*** Opening of PROVIDED DATA ***

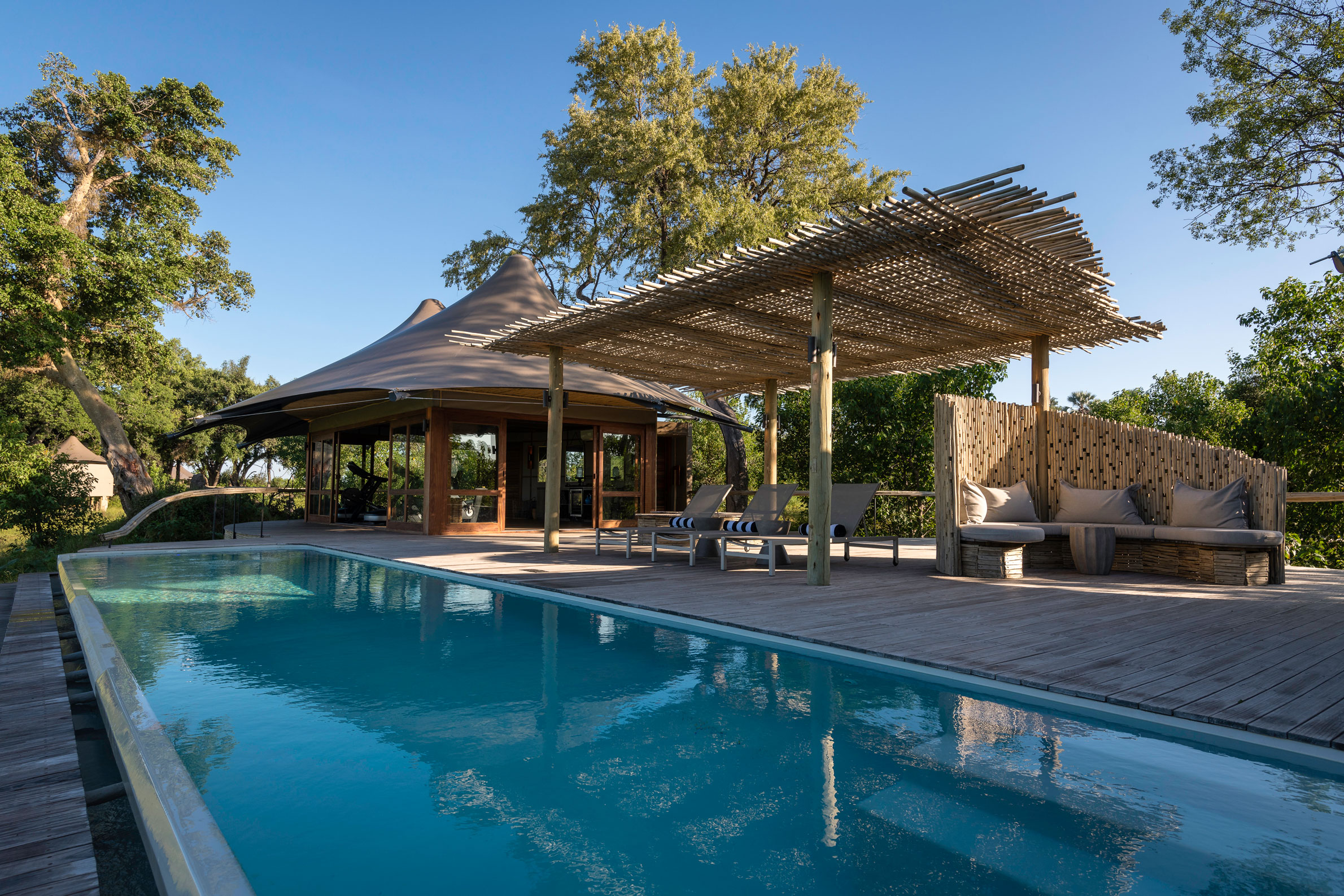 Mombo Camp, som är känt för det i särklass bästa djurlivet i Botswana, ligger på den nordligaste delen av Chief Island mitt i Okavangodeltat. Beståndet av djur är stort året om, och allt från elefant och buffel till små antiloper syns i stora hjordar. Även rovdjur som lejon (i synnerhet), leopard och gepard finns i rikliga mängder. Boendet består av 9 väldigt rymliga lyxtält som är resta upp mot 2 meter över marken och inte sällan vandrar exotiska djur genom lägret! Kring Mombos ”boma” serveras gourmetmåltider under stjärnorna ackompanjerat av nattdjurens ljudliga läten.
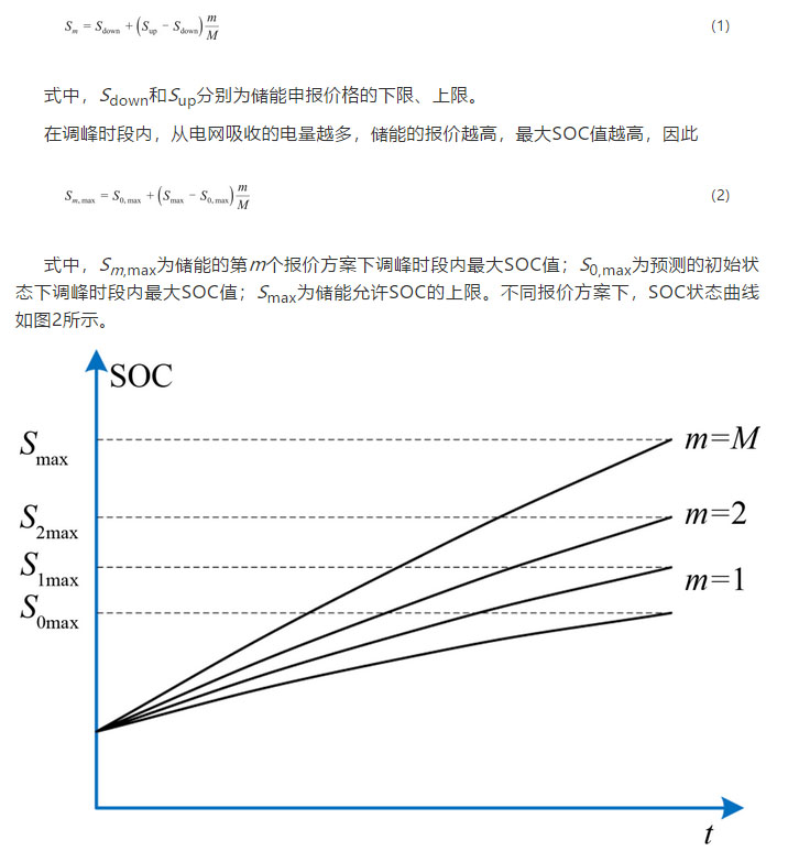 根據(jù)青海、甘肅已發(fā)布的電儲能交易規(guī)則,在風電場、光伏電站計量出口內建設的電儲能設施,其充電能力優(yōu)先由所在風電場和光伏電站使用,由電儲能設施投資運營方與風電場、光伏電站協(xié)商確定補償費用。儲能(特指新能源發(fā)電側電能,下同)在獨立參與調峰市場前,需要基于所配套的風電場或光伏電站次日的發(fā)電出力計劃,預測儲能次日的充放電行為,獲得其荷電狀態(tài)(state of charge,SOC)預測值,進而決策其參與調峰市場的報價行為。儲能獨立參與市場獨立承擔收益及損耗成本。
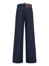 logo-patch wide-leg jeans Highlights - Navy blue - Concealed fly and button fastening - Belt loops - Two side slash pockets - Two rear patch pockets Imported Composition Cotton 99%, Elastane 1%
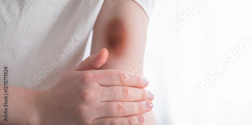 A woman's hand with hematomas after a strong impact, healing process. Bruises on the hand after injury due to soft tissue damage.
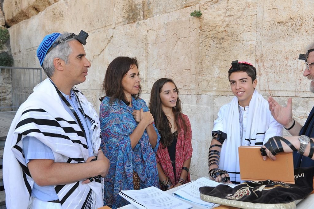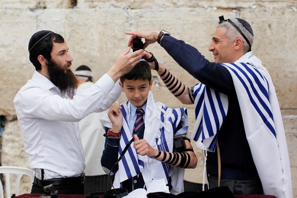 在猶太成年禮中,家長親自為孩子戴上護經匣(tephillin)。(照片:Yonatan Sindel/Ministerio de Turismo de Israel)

*** Close of PROVIDED DATA ***

◆ WHAT IS EXPECTED
Set down word for word the lines from the first entry through the line with "A woman's hand", both included, omitting pictures.

◆ OUTPUT
 Mombo Camp, som är känt för det i särklass bästa djurlivet i Botswana, ligger på den nordligaste delen av Chief Island mitt i Okavangodeltat. Beståndet av djur är stort året om, och allt från elefant och buffel till små antiloper syns i stora hjordar. Även rovdjur som lejon (i synnerhet), leopard och gepard finns i rikliga mängder. Boendet består av 9 väldigt rymliga lyxtält som är resta upp mot 2 meter över marken och inte sällan vandrar exotiska djur genom lägret! Kring Mombos ”boma” serveras gourmetmåltider under stjärnorna ackompanjerat av nattdjurens ljudliga läten.
 根據(jù)青海、甘肅已發(fā)布的電儲能交易規(guī)則,在風電場、光伏電站計量出口內建設的電儲能設施,其充電能力優(yōu)先由所在風電場和光伏電站使用,由電儲能設施投資運營方與風電場、光伏電站協(xié)商確定補償費用。儲能(特指新能源發(fā)電側電能,下同)在獨立參與調峰市場前,需要基于所配套的風電場或光伏電站次日的發(fā)電出力計劃,預測儲能次日的充放電行為,獲得其荷電狀態(tài)(state of charge,SOC)預測值,進而決策其參與調峰市場的報價行為。儲能獨立參與市場獨立承擔收益及損耗成本。
 logo-patch wide-leg jeans Highlights - Navy blue - Concealed fly and button fastening - Belt loops - Two side slash pockets - Two rear patch pockets Imported Composition Cotton 99%, Elastane 1%
 A woman's hand with hematomas after a strong impact, healing process. Bruises on the hand after injury due to soft tissue damage.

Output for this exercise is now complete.